One of the best ways is to use tennis ball tubes or Pringle chip tubes. Go to ODD LOTS and buy a dozen cans of Pringles, throw away the pringles and you have 12 musky bait tubes.


----------



## Whaler (Nov 16, 2004)

Buy some Hellofva good dip and eat the pringles too !


----------



## Blue Pike (Apr 24, 2004)

This works for me.









A plastic file box and PVC down spout.


----------



## peple of the perch (Sep 13, 2004)

pvc pipe is a good idea


----------



## peple of the perch (Sep 13, 2004)

hay tigger have u gotton any muskeys this year?


----------



## FutureClassicChamp (Jan 16, 2006)

just about every musky tackle shop sells the clear tubes you can put around the pedestal seat mount. 

but, when you say "larger baits", do you mean like wishmaster sized baits?


----------



## TIGGER (Jan 17, 2006)

Peple I haven't started to fish for them yet but getting ready to.

Futurechamp, All the musky lures seem big to me. Just because I'm just starting to fish for them. My walleye lures could be bait for the musky lures.

Blue pike I like that idea also. That could work for me. I have been adding more storage compartments in my boat the last couple of days. I have some spots for that.


----------



## FutureClassicChamp (Jan 16, 2006)

ok then the tubes are good. when one says "big" baits i think of like 15-24" crankbaits


----------



## Dixie Chicken (Nov 12, 2004)

Oh boy,
Tigger do not mention my name to your wife!!!
From what I've seen you can get deep real quick! I bought two lures at St. Clair and it was $74.00! 8 - 9 inch perch color baits! But by golly they worked.
DC


----------



## TIGGER (Jan 17, 2006)

Larry I was afraid of that. I keep telling my wife that fishing really doesn't cost that much after you get all the tackle.


----------



## kennedy327 (Jul 12, 2006)

TIGGER said:


> Larry I was afraid of that. I keep telling my wife that fishing really doesn't cost that much after you get all the tackle.

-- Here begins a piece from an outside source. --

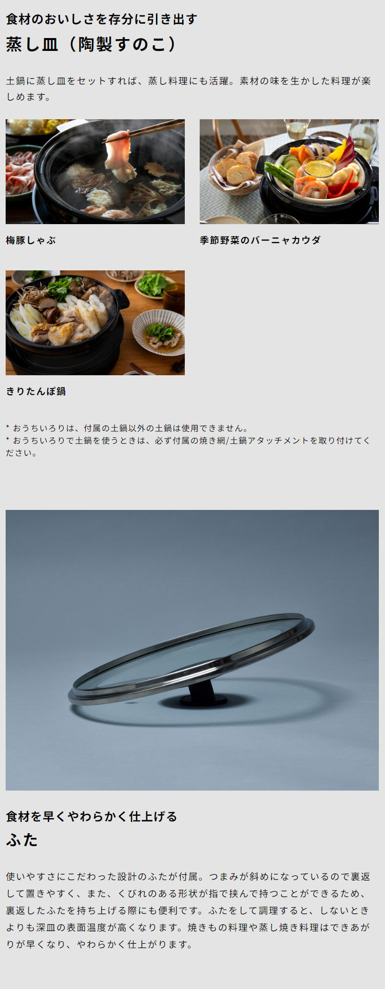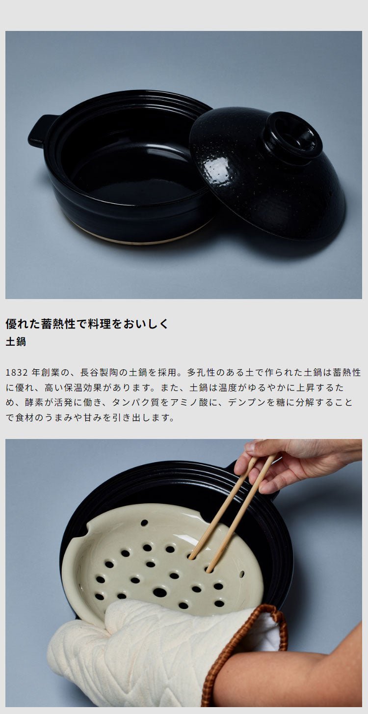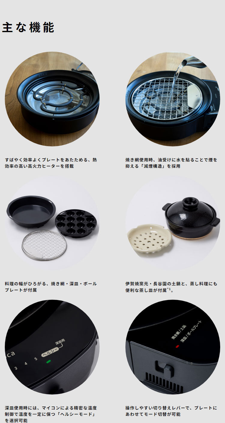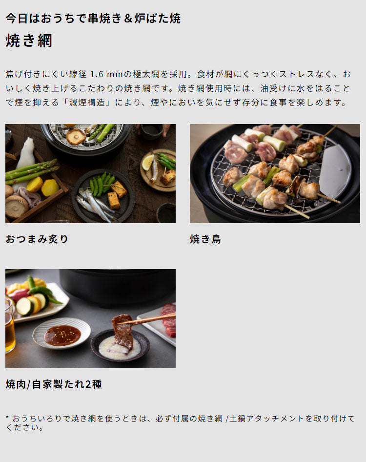 ■ 付属品:焼き網、深皿(蓋付)、ボールプレート、取っ手、焼き網/土鍋アタッチメント、レシピブック

I tried to tell that to my fiance and trip after trip to walmart or gander mountain, she is starting to relize I said that to shut her up.


----------



## Weatherby (May 27, 2005)

Every muskie fisherman has $5000 worth of lures and only use 5. lol


----------



## BITE-ME (Sep 5, 2005)

The cheapest way to tote some of your gear and store larger muskie baits is a 5 gallon bucket. You can put your pliers and other tools in the bottom and hang plugs aroung the top of the bucket. Just make sure you hang the baits on the inside of the bucket and not on the outside, unless you want to get stuck every time you walk by it! Not sure where I've seen it (probably Rollie & Helens), but someone makes and organizer that slides inside a standard 5 gallon bucket just for this purpose.

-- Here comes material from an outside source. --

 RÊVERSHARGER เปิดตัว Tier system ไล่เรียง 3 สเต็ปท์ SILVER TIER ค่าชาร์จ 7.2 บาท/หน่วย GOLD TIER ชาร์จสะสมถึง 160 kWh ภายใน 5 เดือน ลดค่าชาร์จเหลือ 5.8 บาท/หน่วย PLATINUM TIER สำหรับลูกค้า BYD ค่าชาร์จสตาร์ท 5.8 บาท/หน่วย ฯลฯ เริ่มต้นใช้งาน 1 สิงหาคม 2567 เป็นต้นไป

The cheapest hanging bait box I have seen for muskie lures is the one made by Plano for about $40. It has 24 to 30 slots for big lures and is about 16" deep.


----------



## muskieseeker (Oct 19, 2005)

What I did was Take 2" pvc pipe cut it into 12-14" lengths and glued them together I have about 10 pipes to store baits and the post for the seat fits thru the center pvc pipe so they are always right under me when I am fishing but still out of the way(usually).


----------



## fishon (Apr 20, 2004)

humm all good idea's.... time to start buying more musky lures....


----------